Onfido’s Journey to a Multi-Cluster Amazon EKS Architecture
This blog was coauthored by Eugene Malihins, Senior DevOps Engineer at Onfido, and Olly Pomeroy, Containers Specialist SA at Amazon Web Services
Who is Onfido?
Onfido is setting the new standard for digital access. The company digitally proves a user’s real identity using artificial intelligence (AI) by verifying a photo ID and comparing it to the person’s facial biometrics. This means businesses can verify their users without compromising on experience, conversion, privacy, or security.
Onfido’s current architecture
As Onfido’s business has grown, the volume of traffic and the number of processed identity checks have increased to the point where Onfido now serve clients around the world. Any interruption to our service directly impacts a partner’s ability to onboard new customers. The 24-7 availability of our APIs is essential, requiring an increasingly more stable and scalable infrastructure. For this reason, many years ago, we turned to Kubernetes to provide a scalable platform to handle the increased volume of requests and provide us with a higher level of reliability. At the same time, containers allowed us to reduce the time taken to develop new features and deploy them to production.
Two years ago, we made the decision to migrate our existing self-managed Kubernetes clusters to Amazon Elastic Kubernetes Service (Amazon EKS). Abstracting away the complexity of operating and upgrading Kubernetes clusters allowed the team to focus on what matters most: helping engineers build and ship code, optimize and prepare infrastructure for future growth, and ensure good engineering practices throughout the engineering team.
Onfido’s previous Kubernetes upgrade process
Adopting Amazon EKS made us think slightly differently about the Kubernetes upgrade process. Amazon EKS manages the process of upgrading the Kubernetes Control Plane, removing an operational burden from the team. However, there were still plenty of unknowns during a platform upgrade. These unknowns include predicting how core platforms components (such as CoreDNS and CNI Networking) would respond to a new Kubernetes version as well as how these components would behave in moments when the Kubernetes API server was unavailable.
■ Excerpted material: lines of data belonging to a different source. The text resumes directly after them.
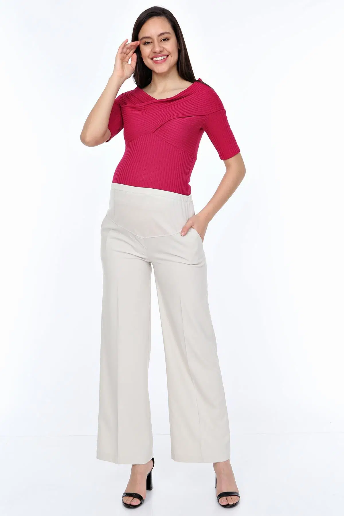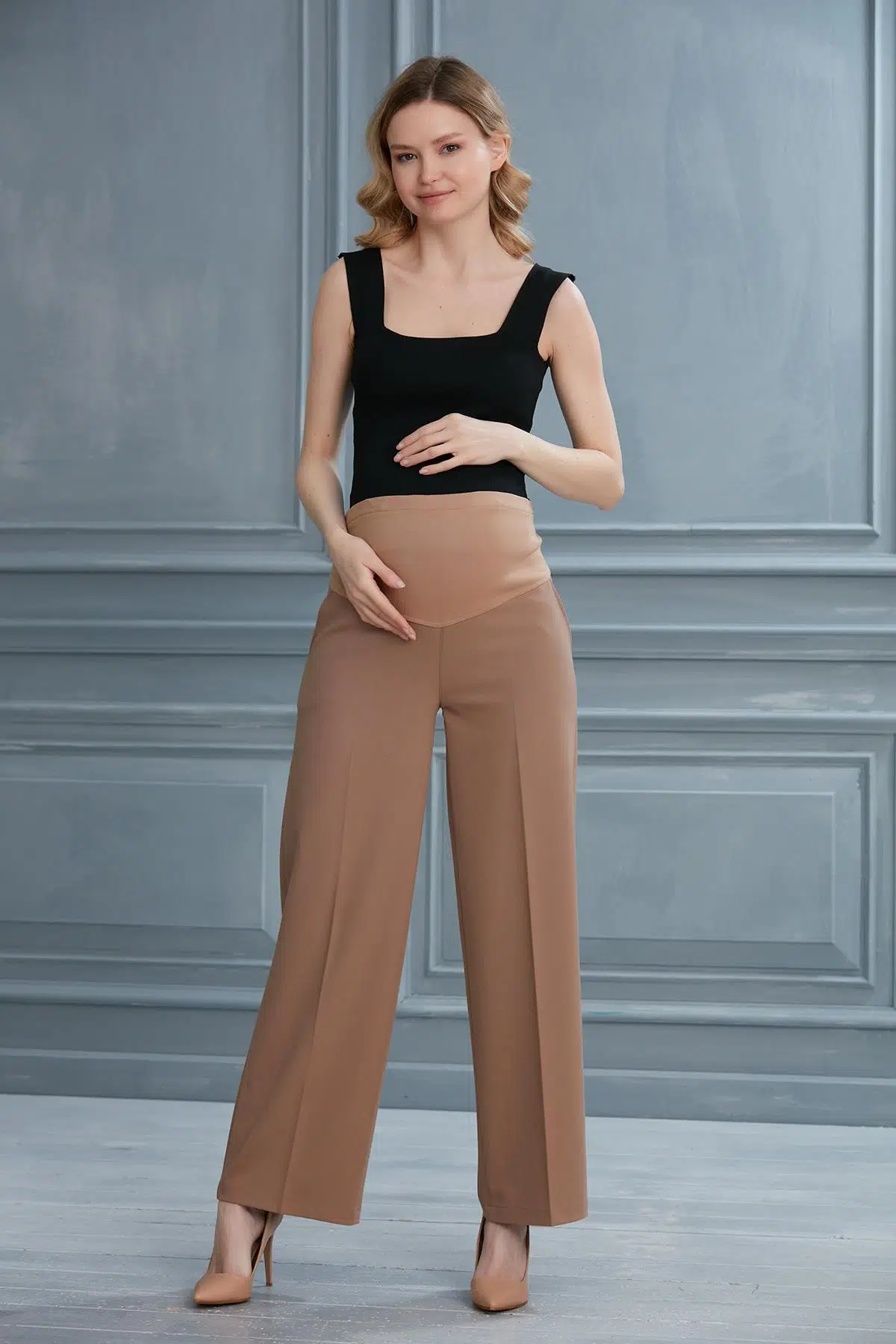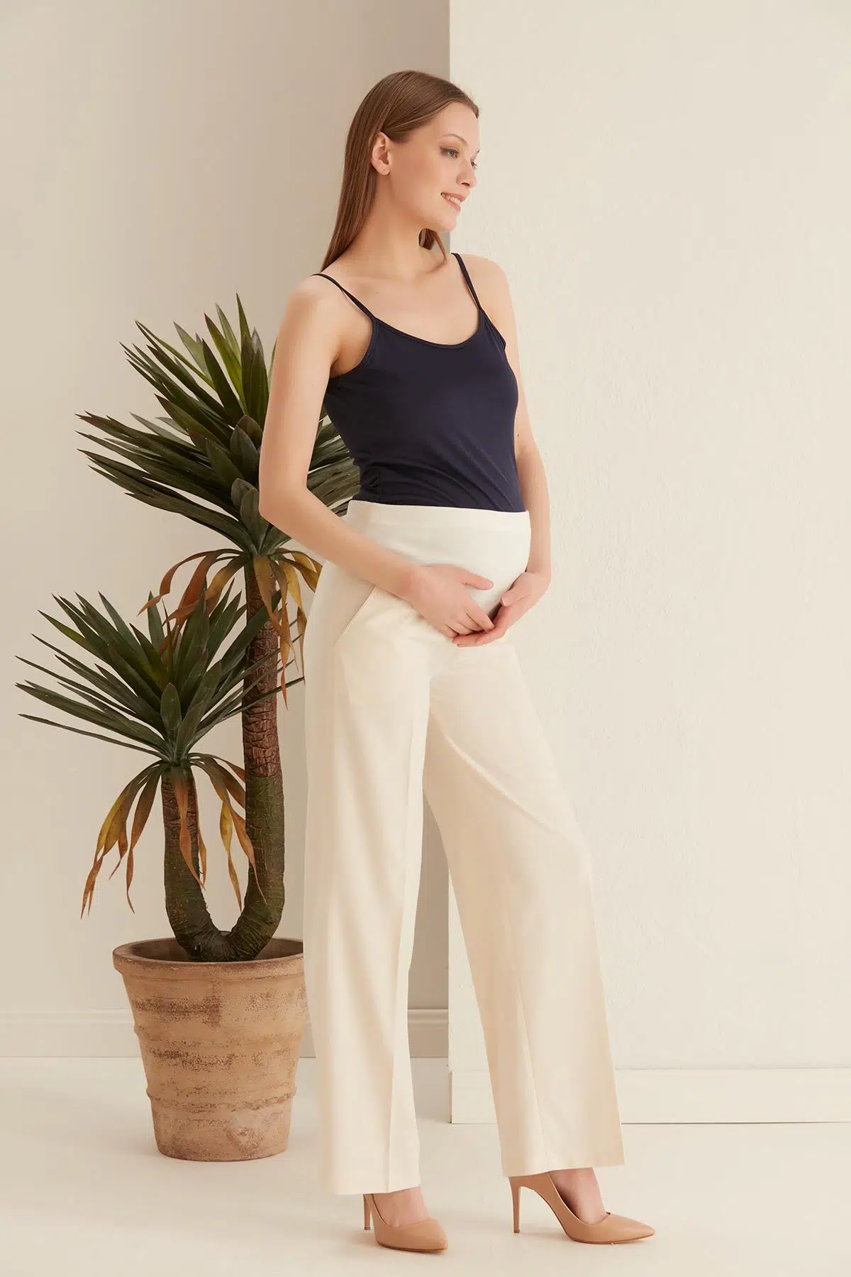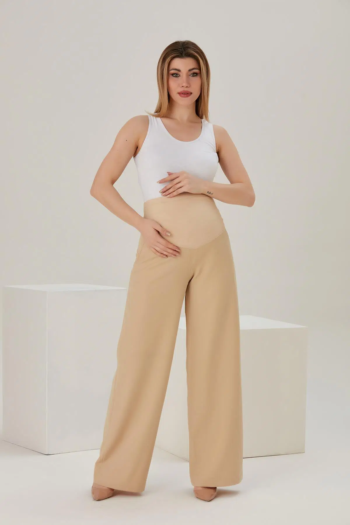 hamile bol paça kumaş pantolon; rahat ve esnek bir kumaştır, basenden bol paça (palazzo) kesimi ile kusursuz bir duruşa sahiptir. Hamileliğiniz boyunca ve sonrasında kullanabileceğiniz tasarımlar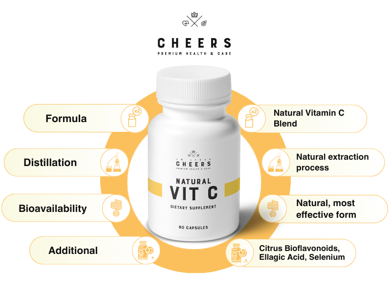 Experience Optimal Immune Support - Cheers Vitamin C is sourced from the best, most natural sources. Our vitamin C tablets contain rose hip, grapefruit and acerola extracts, with fruit-based bioflavonoids that benefit your body. Our capsules do not contain synthetic ascorbic acid, making them safe and gentle on the stomach.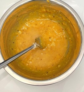 Añadir al bol donde tenemos las yemas dos cucharadas del aceite que ha soltado.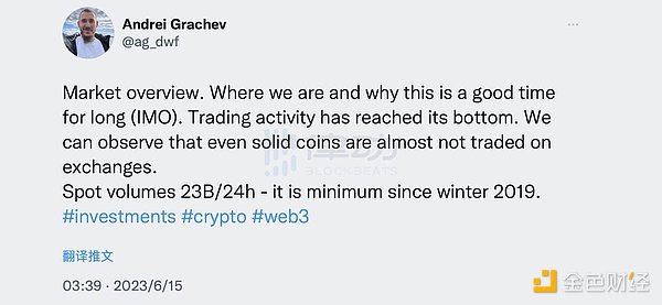 实际上,这种猜测并非空穴来风。今日,DWF Labs 管理合伙人 Andrei Grachev 发推称,目前市场 24 小时现货交易额已降至 230 亿美元,创下自 2019 年冬季以来的最低值。他透露,交易平台开始对项目的交易额和流动性等进行要求,否则将会将其下架。散户活动也相对较低,但对于那些想要投机、赚钱或者赔钱的人来说,他们仍然需要一些东西来满足需求。即使是市值较大的币种,在 24 小时内也可能出现 20-30% 的价格波动。

Onfido previously operated one production cluster in each AWS Region and numerous preproduction clusters. We ensure we test each Amazon EKS version upgrade heavily in our preproduction environments to give us assurances and to try and answer some of the unknowns before we roll out the change to the production environments. However, systems tend to behave differently under real-world conditions, and even with extensive testing, there are still scenarios that can be hard to emulate in a preproduction environment. During a previous upgrade of a production Amazon EKS cluster, we experienced a short degradation of service in our applications. There was a short period of time where traffic was not flowing correctly to the Kubernetes pods.
During the post mortem of this outage, we started to recognize the value of changing our architecture from a single production Amazon EKS cluster per AWS Region to 2x production Amazon EKS clusters per AWS Region.
Multi-cluster Amazon EKS architectures
When considering a multi-cluster Kubernetes architecture, a decision has to be made if the Kubernetes clusters will operate independently from one another or if federation technologies would be used to create some form of distributed or stretched environment.
With high availability in mind, our initial requirements for the multi-cluster architecture were:
- To ensure it was easy to deploy a service across multiple clusters.
- To serve production traffic from multiple clusters at the same time.
- To have the ability to take a cluster out of the flow of traffic, regardless of whether the traffic shift was planned (for example, for maintenance) or unplanned (that is, degradation of a service).
During our investigation, we first looked at the federated technologies. To meet our requirements, we found that we could leverage Kubernetes federation to ensure deployments and scaling would be distributed across clusters, and we could leverage service mesh technologies to create a shared networking namespace and service dictionary.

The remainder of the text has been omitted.